Подарите деду и бабуленьке за то, что они хранят профессиональную честь землероба, — киноаппарат, чтобы кто-нибудь из внуков заснял свой род и оставил дубликат этого фильма в колхозном архиве — для хроники, для истории, для непреходящего. Ведь придет же время, когда у людей появится мудрое желание посмотреть хроникальные фильмы своего края.
Подарите деду магнитофон, самый дорогой, такой, который не портится. Пусть запишет он свой голос и голоса своих сыновей! И если кто-то уйдет на другой, кошт: на кошт ученого, или инженера, или художника, пусть он оставит свой голос и расскажет, почему он так поступил, — он, мол, не может иначе, у него есть свое призвание и долг по отношению к своему таланту, к умелости рук своих, способных делать какое-то дело лучше, чем прежнее. Потому что только во имя чего-то серьезного и доброго человек имеет право отказываться от серьезного и доброго.
Пусть эти голоса останутся в колхозе.
И все это возможно.
И все это возможно.
Тут же, на месте.
Уже сегодня.
Но есть ли сегодня в колхозе такие старинные роды? Мы едем к Старому Пилениеку, к тому самому Пиле-ниеку, чей сын работает председателем в Варме. Но по дороге заезжаем поглядеть на новый свиной хлев. Это запатентованный колхозом «Друва» хлев на целую тысячу свиней, где работает всего один тракторист. Я не стану здесь объяснять, что значит — тракторист в хлеву, путь каждый догадается сам. Но я с удовольствием вспоминаю свиноматок и поросят. Одному не досталось соска, он карабкался через других, искал, толкался и повизгивал. Мне пришли на ум все эти разговоры о молодых, какие они «не такие» и несерьезные, и еще бог знает какие, и мне подумалось — для того, чтобы человек рос здоровым, чтобы он не был заморышем, чтобы у него был свой прирост «живого веса», да и вообще свой вес и устойчивость, должно быть у человека ЧУВСТВО МАТЕРИ. Это не то же самое, что «мать», мать есть у каждого, нет, всю долгую жизнь должно сопутствовать человеку чувство матери. Ее зовут мамочкой в детстве, мамулькой или мамахен — в юности. Моей матерью — в зрелом возрасте. А когда матери уже нет, это чувство не должно исчезать, оно должно быть вокруг нас — в других матерях, в собственной жене, во всем том материнском, что мы зовем родиной.

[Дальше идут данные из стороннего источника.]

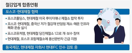 포스코와 현대제철은 과거에도 협력하는 모습을 보여줬다. 중국산 저가 철강재가 국내 시장에 범람하던 2015년 양사는 반덤핑 제소와 함께 품질 인증제 강화 등에 힘을 모았다. 2021년에는 광양항과 평택·당진항 구간의 해운 인프라를 공유하는 복화 운송을 실시했다. 2022년엔 포스코케미칼(현 포스코퓨처엠)이 현대제철의 당진제철소 1고로 개·보수 작업에 참여했다. 그해 9월에는 태풍 힌남노로 냉천이 범람해 수해를 입은 포스코 포항제철소의 빠른 복구를 위해 현대제철이 당진제철소에서 운영하던 용선운반차 5대를 긴급 제공했다.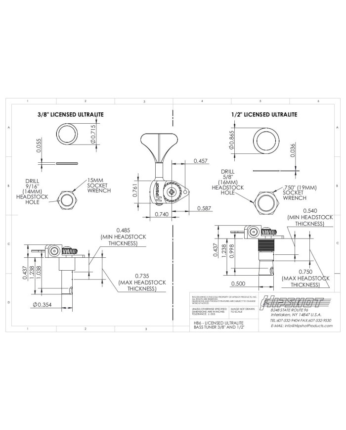 - The 3/8" diameter version fits basses with a headstock hole size of 14mm (9/16")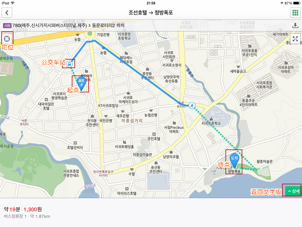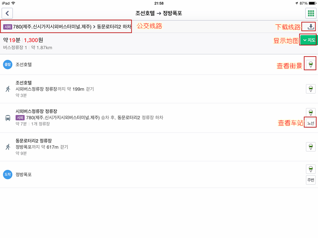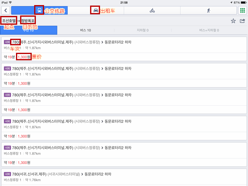 点查询路线中,输入起点和终点的韩文,选择公交或出租,会出现相应的线路,还有价格。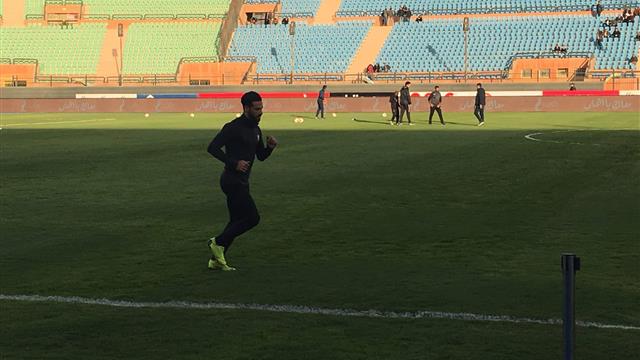 ويؤدي محارب تدريبات تأهيلية بالجري حول الملعب قبل انطلاق المباراة المرتقبة.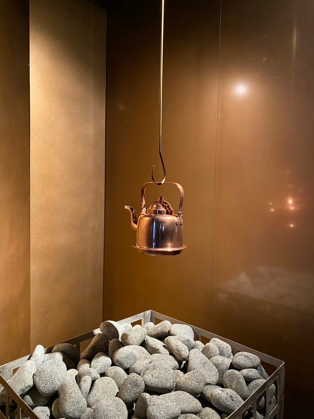 「クロウナ」は、“穴蔵”をイメージして仕立てた、サウナでは珍しい真っ黒なサウナ室。外界からの光を遮った地下のような暗さの中で、自分の世界に静かに没入していくような時間を過ごしていただきたいという発想から、黒一色で仕上げました。ストーブにはやかん型のアロマポットを設置。セルフロウリュを楽しみながらじっくりと汗をかいていただけます。

«Ни такой, ни сякой» — это как поросенок, потерявший сосок.
У Пилениека есть родословное дерево. Пять сыновей и одна дочь. Один в Варме председателем. Все ли сыновья такие расторопные? Ну, люди они энергичные. Этот поумнее, образования у него побольше, у других такого нет. Ну да, один в Варме, другой тоже в колхозе, сварщик, теперь в нашем колхозе целых четыре Пилениека: я сам, сын, внук, он на пилораме работает, и племянник еще. Один в Салдусе, шофер, один в Броцени, дегтярник, и один в Риге, на вагоностроительном. Один внук уже поступил в академию, будет механиком. Есть родословное дерево — чего уж там! Я дам тебе свои папиросы, у тебя-то, наверное, нет ничего.
Собираются не часто. Но когда соберутся, приходится большой стол расставлять, говорит мать. Девять внуков.
Не накормишь. Пилениек не то улыбается, не то хмурится. Ну что это такое — у шестерых девять? Это же ерунда. О чем они думают, в конце концов?
Ну, вот когда нарисуешь, сразу видно: две ветви чисто крестьянские. Не много, могло быть больше. Разве не остались бы все в колхозе? Да вот жены не согласны.
Какие еще тут старинные^фамилии есть? Пецис, Плаудис, Лауциниекс Жанис… Перминдерис Пелите…
Мы едим колбасу, и запиваем ее пивом (или, если хотите, в обратном порядке), и рассуждаем. В конце концов, никакого парада родословных дерев в колхозе не получится. Нечего показывать. Но ведь рождается НАЧАЛО. И не следует ли окружить его почетом?
Договорились черте до чего, председатель сидит на чурбаке у плиты, ест колбасу и смеется: картофель-то не растет в красной глине!
Как это не растет, чего ты смеешься! Пилениек сердится. А как же они тогда разбогатели?
Я опять задумываюсь — над этим «разбогатели». Дьявольская власть вещей — это не ново. Пилениек не был богат, сохранил среди мировых бурь себя и детей. Богачи, видишь ли, в трубу вылетели, не осталось ни обычного дерева, ни родословного. Сегодня- мы опять богатеем. Только это уже другое богатство, другие цели и замыслы, но, видишь ли, те времена, когда на вещи молились, не так уж от нас далеки.
Детский сад ничего не дает?
Как это ничего не дает?
Детский сад дает прямые убытки — тридцать пять тысяч в год. Дешевле выходит, если матери воспитывают своих детей дома. Главный агроном «Друвы» говорит от всей души. Мы стоим в уютной комнате для игр колхозного детсада. Председатель райисполкома, колхозный агроном, заведующая детским садом. Вы посчитайте сами: в садике шестьдесят пять детей из сорока семей, стало быть — сорок матерей, из них двадцать — половина! — работает в детсаде.
Ну и что же? Это ведь вполне нормально и естественно. Должны же матери воспитывать детей. Уж, скорее, не нормально то, что даже в колхозе, где есть свой детский сад, сорок семей имеют только шестьдесят пять детей.